Alumni Journalists Honored for Work Exposing Disinformation
Two Emerson alums were honored with 2023 Walter Cronkite Awards for excellence in political television journalism for their work uncovering disinformation, at home and abroad.
Documentary filmmaker Ramona Diaz ’83 won for her film, A Thousand Cuts, about then-Philippines President Rodrigo Duterte’s war against journalists, and NBC News senior reporter Ben Collins ’10 won a “special recognition for incisive reporting from the trenches of the information war.”
The Walker Cronkite Awards are given annually by the University of Southern California Annenberg School for Communication and Journalism. 2023 entrants were limited to the subject of disinformation and the threat it poses to democracy.
“At a time when journalists are fighting a tidal wave of disinformation and misinformation,” Annenberg professor Martin Kaplan, director of the Norman Lear Center, which administers the award, said in a press release, “it’s incredibly heartening to honor these examples of superlative work by indefatigable TV reporters and producers, from the national to the local level.”
In giving a special recognition to Collins, judges called it “inspiring” to watch him cover stories such as the racist manifesto of the Buffalo shooter or the anti-trans campaigns leading up to the Club Q shooting in Colorado Springs, “bearing witness to the extremism on the dark web” and “holding it accountable.”

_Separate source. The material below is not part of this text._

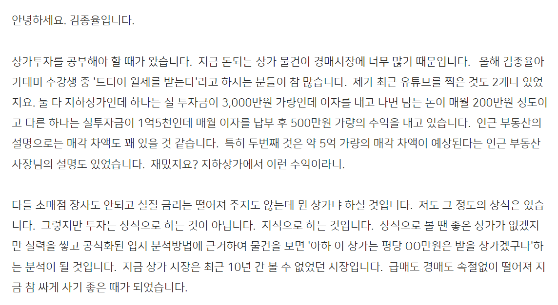 ★ 이 페이지는 김종율닷컴에서 수강하시는 온라인반 입니다.

Judges also praised Collins’ public questioning of journalists’ responsibilities in reporting on disinformation and extremism, and his work’s impact or lack thereof on violence.
Read more about Collins in “Stop Making Sense: Living in an Age of Disinformation & Misinformation,” in the Spring 2022 issue of Expression magazine.
A Thousand Cuts, which aired as an episode on PBS’ Frontline, “does ‘an unbelievable job illustrating the nuances, vulnerabilities and disinformation campaigns all at play’ in Philippines President Rodrigo Duterte’s epic battle with the press over facts and truth, told through the story of one of his prime targets, journalist Maria Ressa,” according to the Annenberg Center.
“Judges said ‘this film masterfully depicts … a recipe for national disaster that applies to us all globally.’”
Diaz won a 2022 Peabody Award for the film.
Awards will be presented Friday, June 9, at the National Press Club in Washington, D.C.